People that don't understand the concept of a zipper merge, and get mad at those that do.
There is a stop light about a quarter mile from my work on a local highway. The stop light is a merge point, because there is an exit from a major highway onto the local highway at the light, so three lanes have to quickly merge to two lanes. They force the two to merge at the stop light, that way the major highway traffic has a clear runway into the other lane another quarter mile down the road.
So naturally, everyone coming from my direction should split into the two lanes at the stop light when it's red, then zipper-merge when it turns green. This keeps the flow moving, and everyone gets to start rolling at the same time as they take turns merging while moving, and avoids the snake-style, stop-and-go delay that a single lane provides when each individual car has to wait on the one in front of it.
I will usually pick the right lane, along with everyone else that works in our little business park area, because it gets you through faster if the cars in the left lane know that you are supposed to merge. But every day, there is someone in the left lane that is mad at people in the right lane for 'skipping' the line, as if it's an issue of morality and waiting in the miserable stop-and-go line with everyone else is the right thing to do.

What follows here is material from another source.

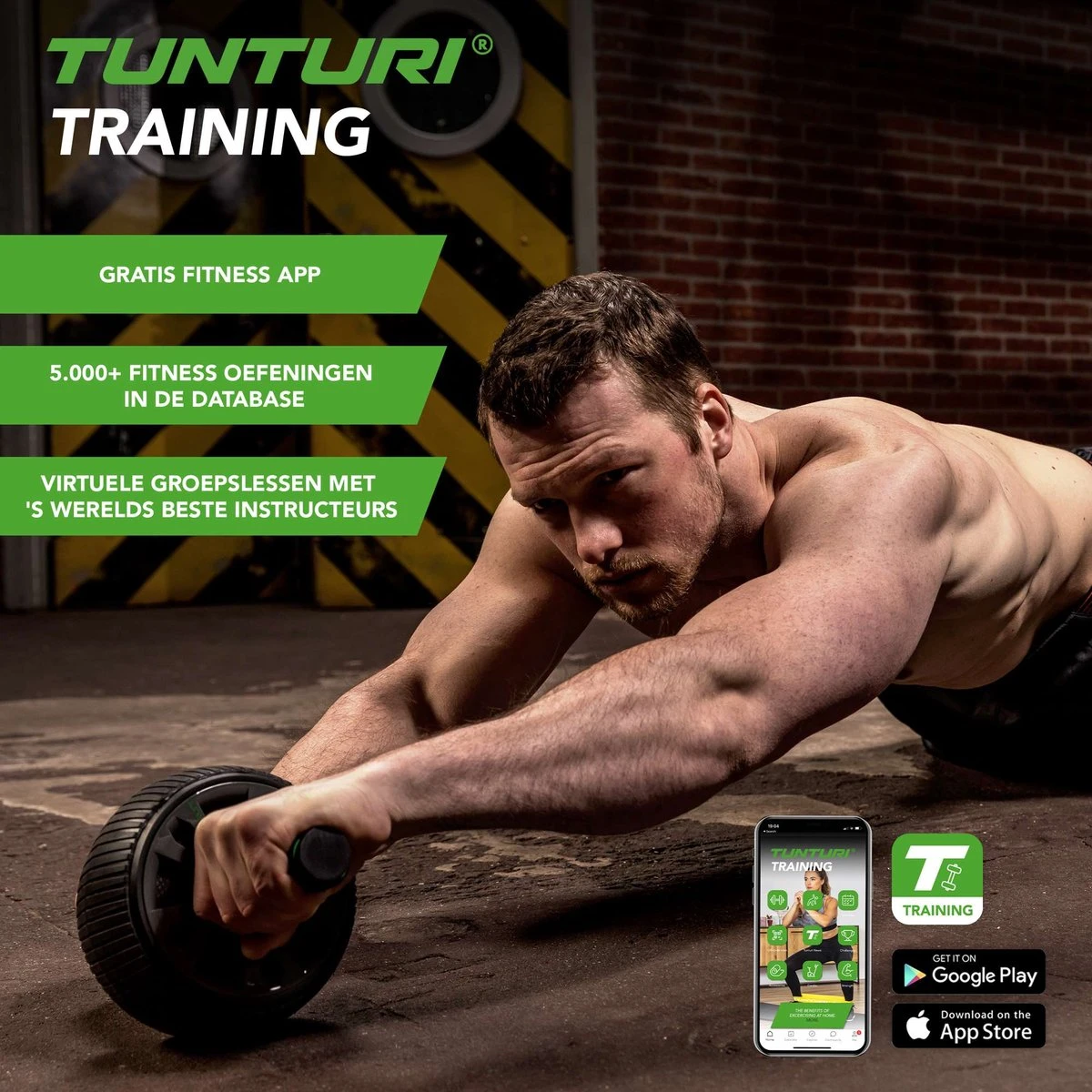 Combineer een krachttraining met een balanstraining. Ga voor het Tunturi Dubbele Trainingswiel.

And look, I get the idea of sharing in collective misery! I'm a Notre Dame football fan! But we don't NEED to share in this collective misery! Instead of getting aggressive and boxing me out when it's supposed to be my turn, and forcing me into the traffic dividers, or forcing the car behind you to deal with letting me in... just merge normally! I promise I'm not trying to line jump. I'm trying to use the traffic flow in the logically intended way. You shouldn't be throwing your hands up in the rearview or gesturing aggressively at me because I know how this works.